- **Source data**
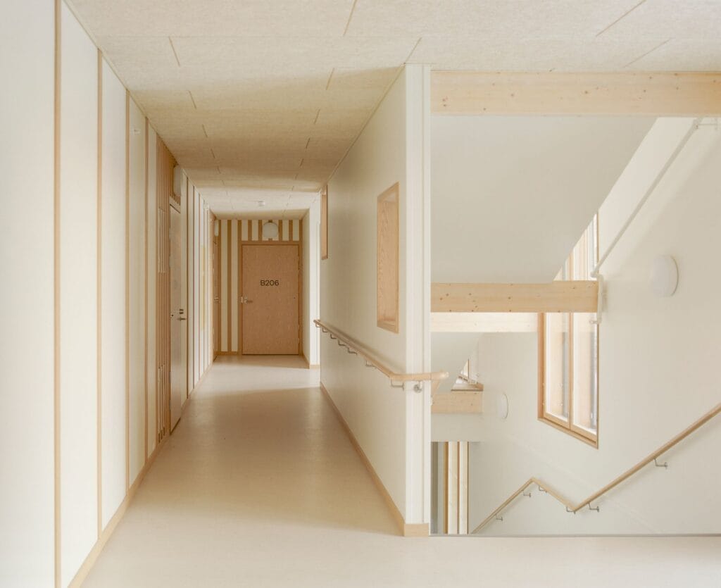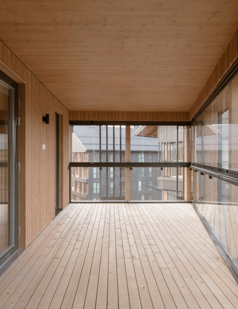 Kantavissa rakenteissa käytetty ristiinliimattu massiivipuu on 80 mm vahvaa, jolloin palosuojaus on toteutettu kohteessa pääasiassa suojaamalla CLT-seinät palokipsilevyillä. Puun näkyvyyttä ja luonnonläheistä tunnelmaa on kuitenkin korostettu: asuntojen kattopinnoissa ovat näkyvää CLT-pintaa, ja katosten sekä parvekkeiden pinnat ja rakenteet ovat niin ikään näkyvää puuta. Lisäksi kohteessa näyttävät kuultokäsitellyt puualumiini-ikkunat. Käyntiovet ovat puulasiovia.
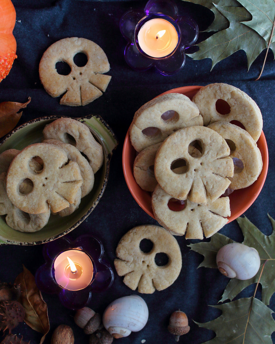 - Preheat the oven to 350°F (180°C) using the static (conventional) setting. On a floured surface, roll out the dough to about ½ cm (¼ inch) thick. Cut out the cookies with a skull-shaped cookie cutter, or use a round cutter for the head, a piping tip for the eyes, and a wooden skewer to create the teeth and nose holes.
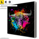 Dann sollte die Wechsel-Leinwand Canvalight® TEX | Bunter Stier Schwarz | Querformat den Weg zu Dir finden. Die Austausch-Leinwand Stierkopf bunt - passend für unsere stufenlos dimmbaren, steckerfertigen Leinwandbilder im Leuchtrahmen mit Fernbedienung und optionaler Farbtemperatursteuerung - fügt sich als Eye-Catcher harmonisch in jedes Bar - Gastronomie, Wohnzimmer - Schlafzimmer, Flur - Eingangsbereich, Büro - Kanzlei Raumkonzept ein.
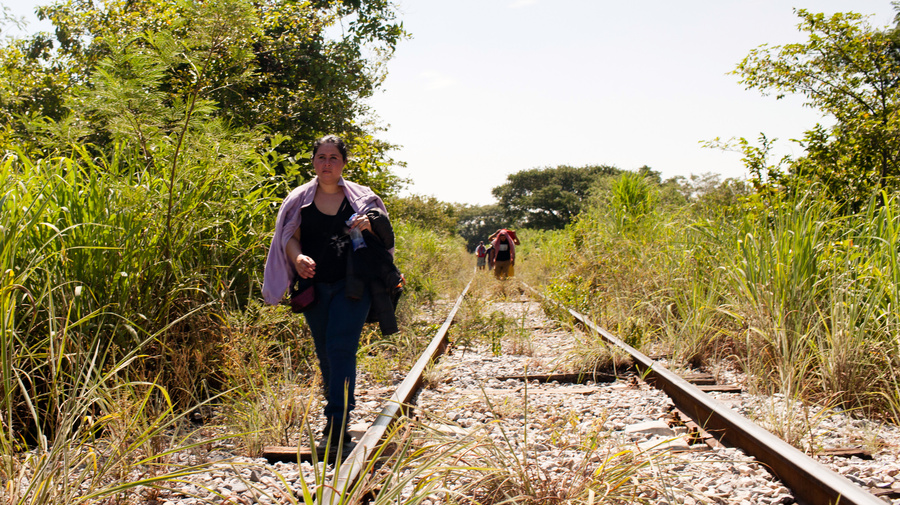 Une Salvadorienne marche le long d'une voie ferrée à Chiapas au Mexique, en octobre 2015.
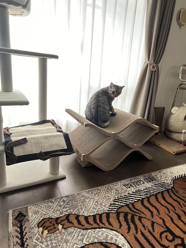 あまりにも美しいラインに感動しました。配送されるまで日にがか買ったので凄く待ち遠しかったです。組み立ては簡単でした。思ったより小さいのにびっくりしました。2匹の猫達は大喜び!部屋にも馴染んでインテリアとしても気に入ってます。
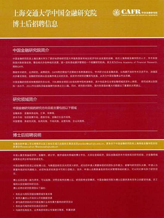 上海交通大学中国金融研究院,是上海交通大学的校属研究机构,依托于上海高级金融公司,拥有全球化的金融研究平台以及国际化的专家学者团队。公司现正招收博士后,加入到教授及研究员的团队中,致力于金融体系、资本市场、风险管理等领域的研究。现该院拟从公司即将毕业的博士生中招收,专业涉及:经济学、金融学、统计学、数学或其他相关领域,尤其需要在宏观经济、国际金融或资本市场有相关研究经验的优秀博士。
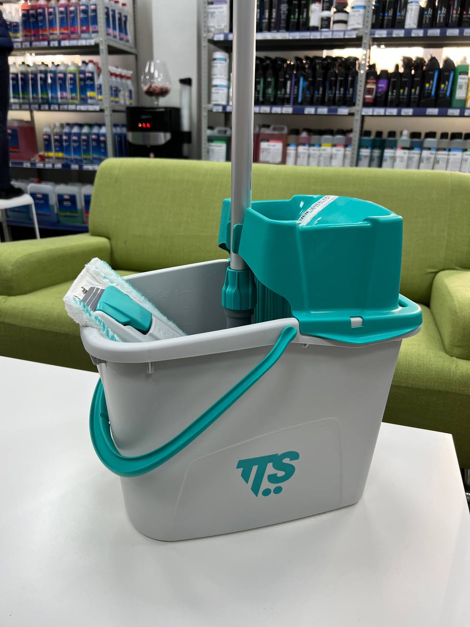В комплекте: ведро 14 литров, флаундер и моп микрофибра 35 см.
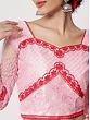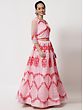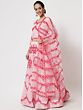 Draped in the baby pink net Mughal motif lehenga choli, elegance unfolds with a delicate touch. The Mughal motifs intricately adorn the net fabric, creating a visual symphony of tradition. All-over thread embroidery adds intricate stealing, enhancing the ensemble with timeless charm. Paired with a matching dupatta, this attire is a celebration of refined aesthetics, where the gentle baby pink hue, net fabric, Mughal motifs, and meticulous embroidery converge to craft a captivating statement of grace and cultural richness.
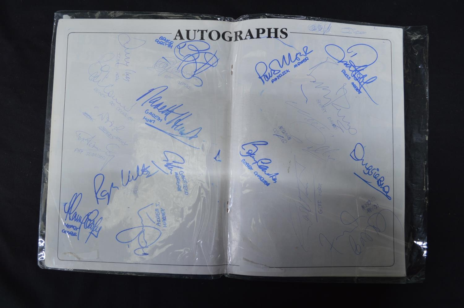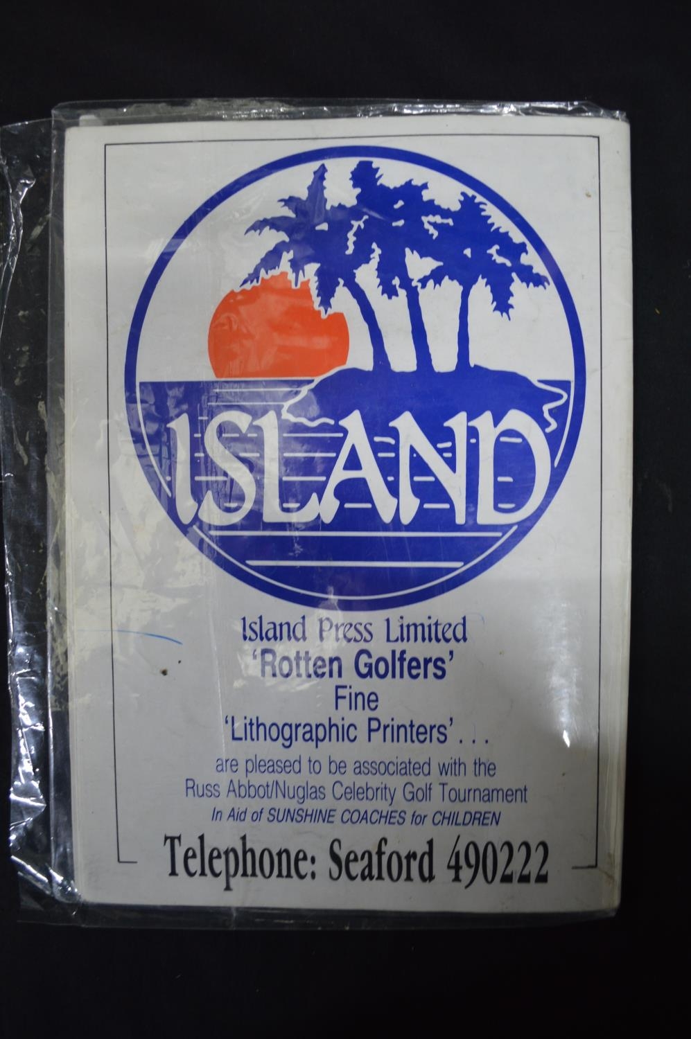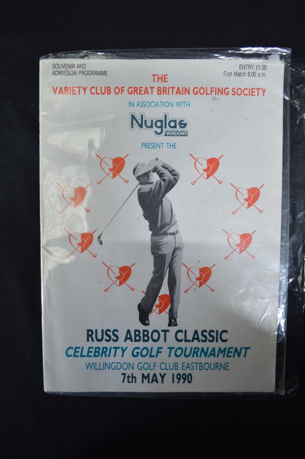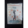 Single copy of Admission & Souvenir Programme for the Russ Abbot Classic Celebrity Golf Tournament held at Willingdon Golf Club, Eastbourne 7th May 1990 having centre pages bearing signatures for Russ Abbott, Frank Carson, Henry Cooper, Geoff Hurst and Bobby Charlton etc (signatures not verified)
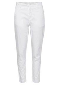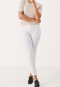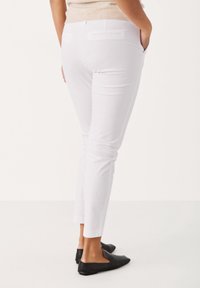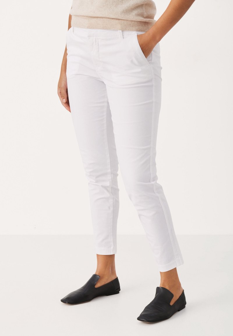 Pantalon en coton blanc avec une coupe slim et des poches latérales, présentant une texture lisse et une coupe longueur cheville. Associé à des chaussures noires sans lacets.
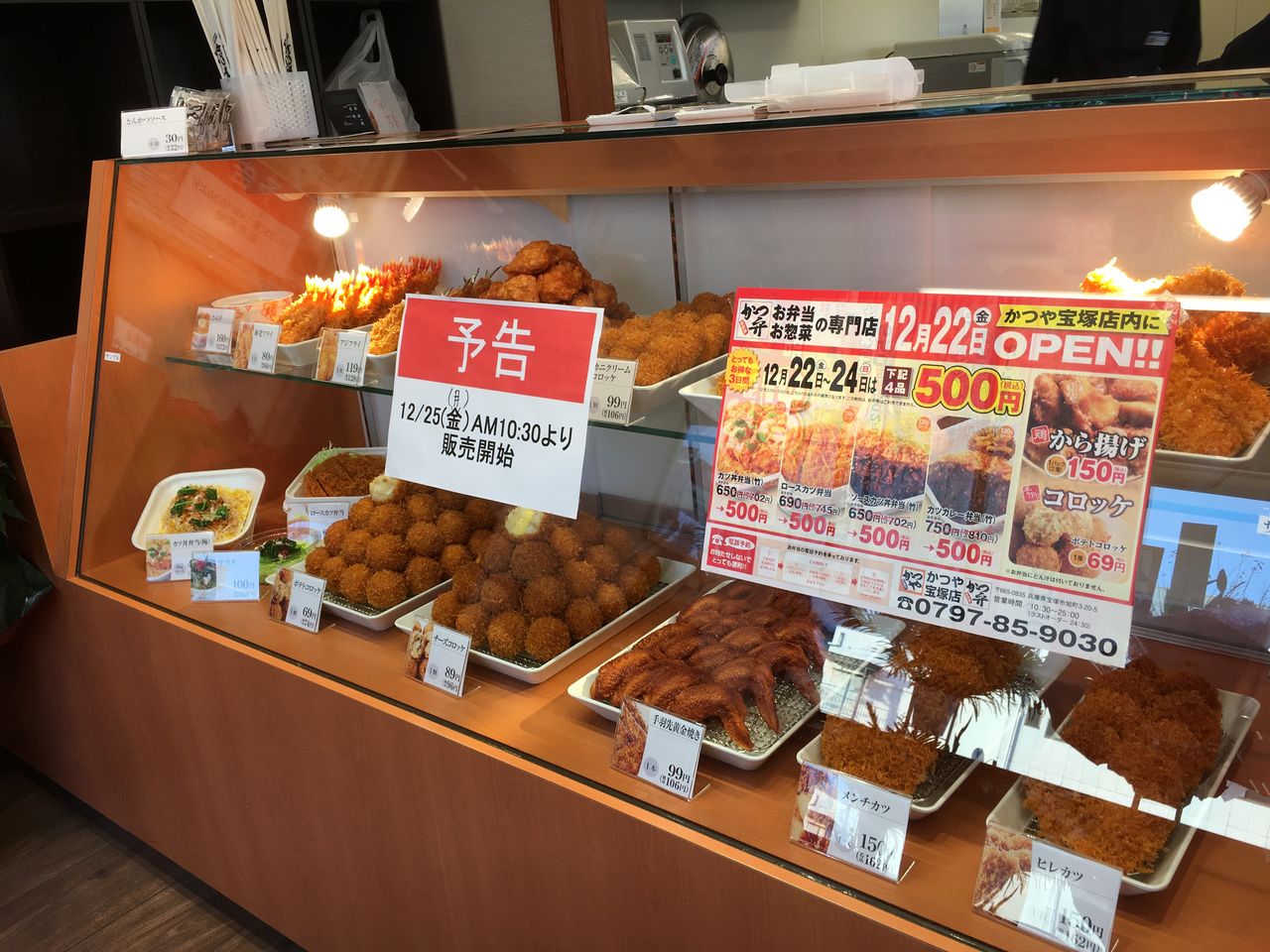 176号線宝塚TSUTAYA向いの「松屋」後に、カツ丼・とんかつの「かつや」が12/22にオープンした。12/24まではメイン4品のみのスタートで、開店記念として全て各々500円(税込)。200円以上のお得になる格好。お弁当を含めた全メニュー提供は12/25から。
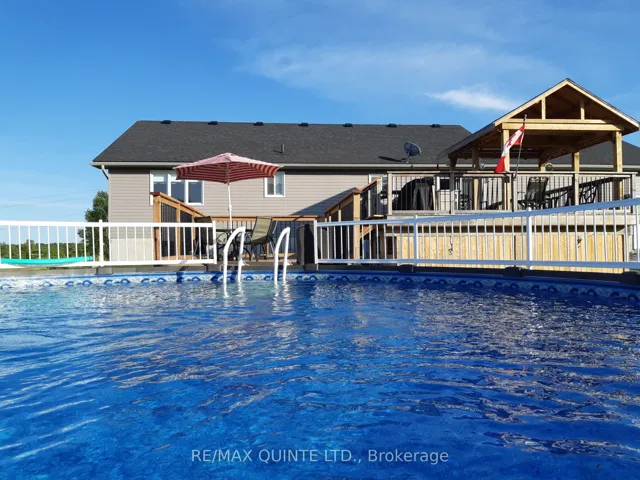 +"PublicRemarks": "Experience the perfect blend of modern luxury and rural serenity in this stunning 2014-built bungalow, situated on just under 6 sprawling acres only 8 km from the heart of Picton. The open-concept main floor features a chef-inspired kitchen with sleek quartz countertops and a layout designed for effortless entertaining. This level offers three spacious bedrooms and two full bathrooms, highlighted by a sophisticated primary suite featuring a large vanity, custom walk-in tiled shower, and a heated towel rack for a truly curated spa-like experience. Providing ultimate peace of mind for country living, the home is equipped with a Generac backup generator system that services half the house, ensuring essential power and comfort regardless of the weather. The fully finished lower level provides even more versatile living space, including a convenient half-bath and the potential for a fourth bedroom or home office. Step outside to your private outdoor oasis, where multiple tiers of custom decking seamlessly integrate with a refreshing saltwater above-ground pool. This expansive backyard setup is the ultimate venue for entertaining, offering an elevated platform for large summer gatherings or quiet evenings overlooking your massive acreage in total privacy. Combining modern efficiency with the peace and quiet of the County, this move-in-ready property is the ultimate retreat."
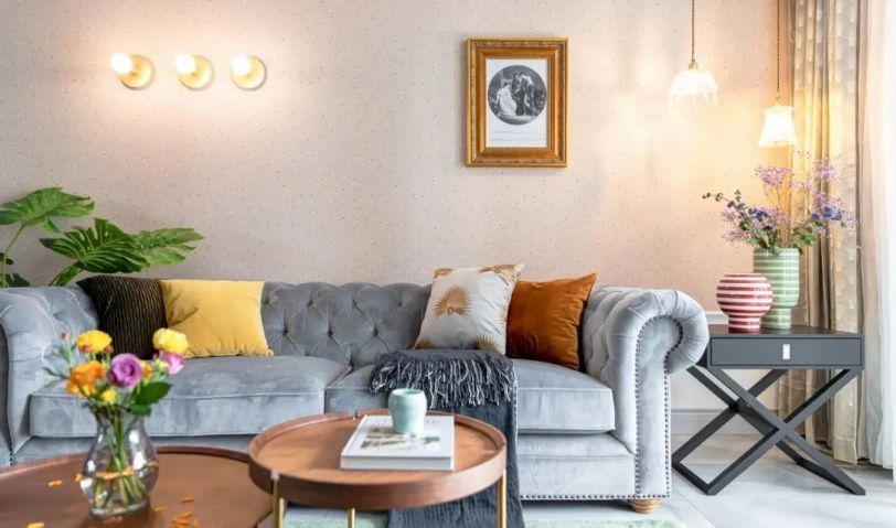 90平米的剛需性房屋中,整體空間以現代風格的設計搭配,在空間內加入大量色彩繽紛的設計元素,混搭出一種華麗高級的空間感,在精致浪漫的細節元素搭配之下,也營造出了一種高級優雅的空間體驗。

- **Exercise goal**
Nothing but the lines from the one containing "あまりにも美しいラインに感動" through the one containing "В комплекте: ведро" should appear, copied exactly from the material above and without pictures.

- **Reply**
 あまりにも美しいラインに感動しました。配送されるまで日にがか買ったので凄く待ち遠しかったです。組み立ては簡単でした。思ったより小さいのにびっくりしました。2匹の猫達は大喜び!部屋にも馴染んでインテリアとしても気に入ってます。
 上海交通大学中国金融研究院,是上海交通大学的校属研究机构,依托于上海高级金融公司,拥有全球化的金融研究平台以及国际化的专家学者团队。公司现正招收博士后,加入到教授及研究员的团队中,致力于金融体系、资本市场、风险管理等领域的研究。现该院拟从公司即将毕业的博士生中招收,专业涉及:经济学、金融学、统计学、数学或其他相关领域,尤其需要在宏观经济、国际金融或资本市场有相关研究经验的优秀博士。
В комплекте: ведро 14 литров, флаундер и моп микрофибра 35 см.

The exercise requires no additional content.